= Osea Gavidi =

Fijian politician (1943–2015)

Ratu Osea Gavidi (October 1943 – 3 April 2015, in Suva) was a Fijian politician and indigenous chief. He was prominently involved in defending the interests of the indigenous people in the western part of Fiji, seeking to establish their political autonomy, then (at the end of his life) their independence.
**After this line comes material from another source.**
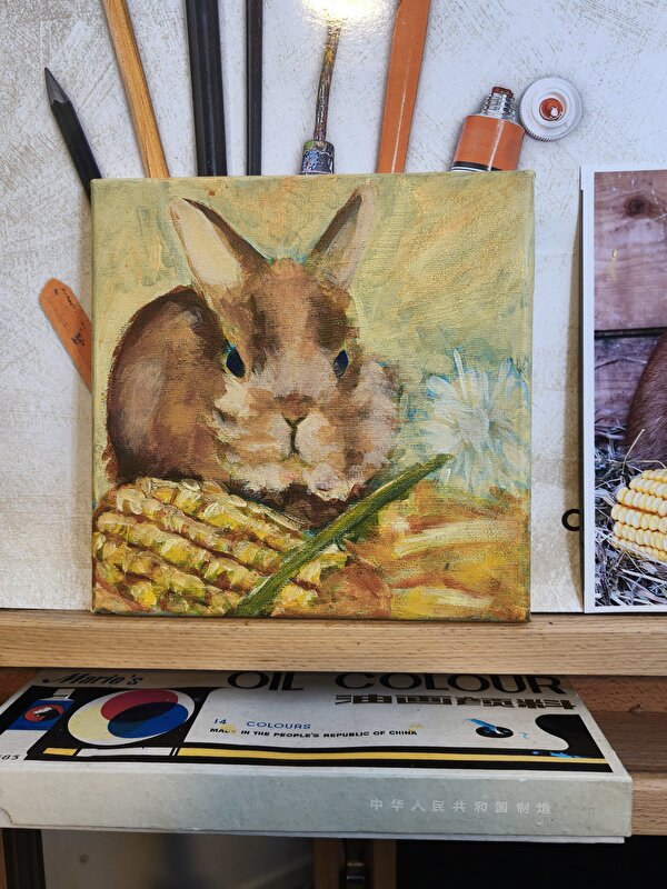 En wat een lief konijntje ben je aan het schilderen, nu al lekker pluizig!
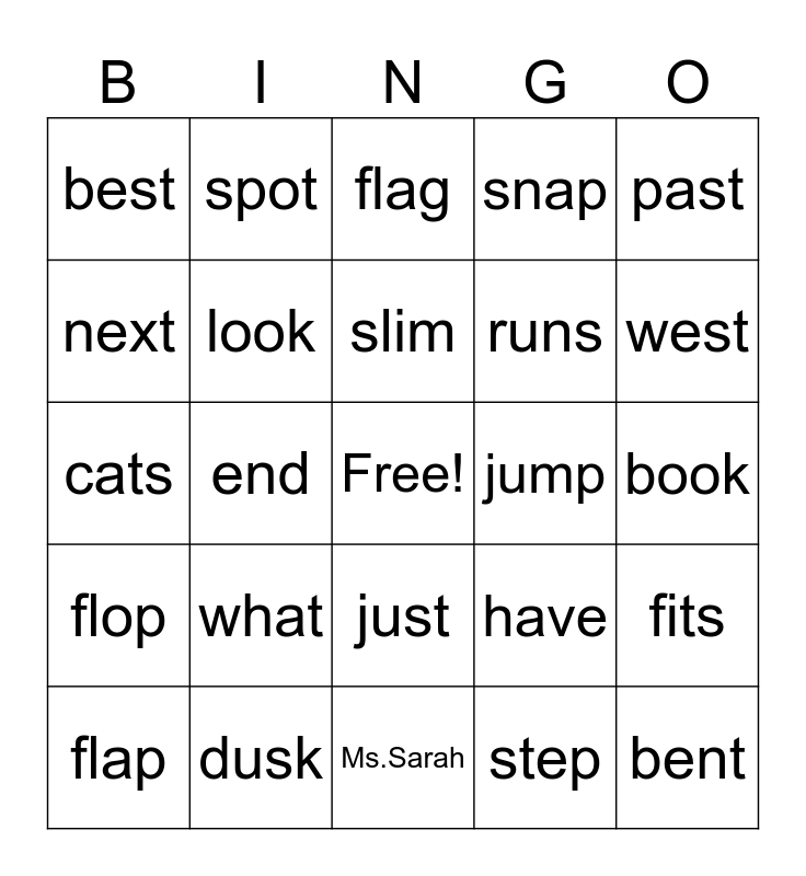 This bingo card has a free space and 24 words: what, dusk, slim, flap, past, best, next, spot, jump, just, runs, cats, have, fits, look, step, book, flag, west, end, bent, flop, snap and Ms.Sarah.

He was elected to Parliament as MP for Nadroga-Navosa Province, in the western part of the island of Viti Levu, in the two general elections of 1977, representing the Alliance Party. In 1981 however, he launched the Western United Front (WUF), a political party claiming that the interests of the indigenous inhabitants of the western part of Viti Levu had been neglected by the Alliance Party government. For the 1982 general election, the WUF formed an electoral coalition with the predominantly Indo-Fijian National Federation Party, but fared poorly; Gavidi himself was defeated by the Alliance Party candidate in his own constituency, and the Alliance remained in power. It had been a purely tactical arrangement to try to defeat the alliance; the WUF and the NFP had very different, often antagonistic political views. Following the election, the WUF appeared, in the words of historian Brij V. Lal, as "somewhat of a spent force".

The 1992 general election was held in the aftermath of the racist, anti-Indian military coups of 1987, and the adoption of a Constitution favouring indigenous control over politics. Gavidi stood for Parliament as a candidate for the Fijian Nationalist United Front Party, an indigenous nationalist party. He was returned to his previous seat as MP for Nadroga-Navosa.

In May 1993, together with far-right ethnic nationalist Sakeasi Butadroka, he launched the "Viti Levu Council of Chiefs", "in opposition to the Great Council of Chiefs, dominated by the chiefs from the eastern provinces". The movement, largely ignored, soon faded and disappeared.

During the coup d'état in 2000, orchestrated by indigenous nationalist George Speight, Gavidi led a delegation to negotiate with Speight for the establishing of political autonomy for the western provinces, and threatened secession if it were not granted. Speight's civilian coup was eventually countered by the military, democratic rule was restored, and Gavidi's move for western autonomy came to nothing.

In 2014, he led a movement for the secession of the Nadroga-Navosa Province from the rest of Fiji. On 10 October, the movement declared the foundation of the "Nadroga-Navosa Sovereign Christian State", with its own flag, and a Cabinet sworn in on 4 November. Its capital was declared to be the village of Cuvu, and Gavidi was proclaimed as its President. The secessionists explained their actions by their rejection of Fiji's new Constitution in 2013 which enshrined the principle of a secular state. The proclamation of secession was, however, rejected and condemned by the province's chiefly families. The members of the secessionist "government" were eventually arrested in August 2015 and charged with sedition and causing unrest. By that time, Gavidi had died in hospital, in April at the age of 71, and been buried in Cuvu.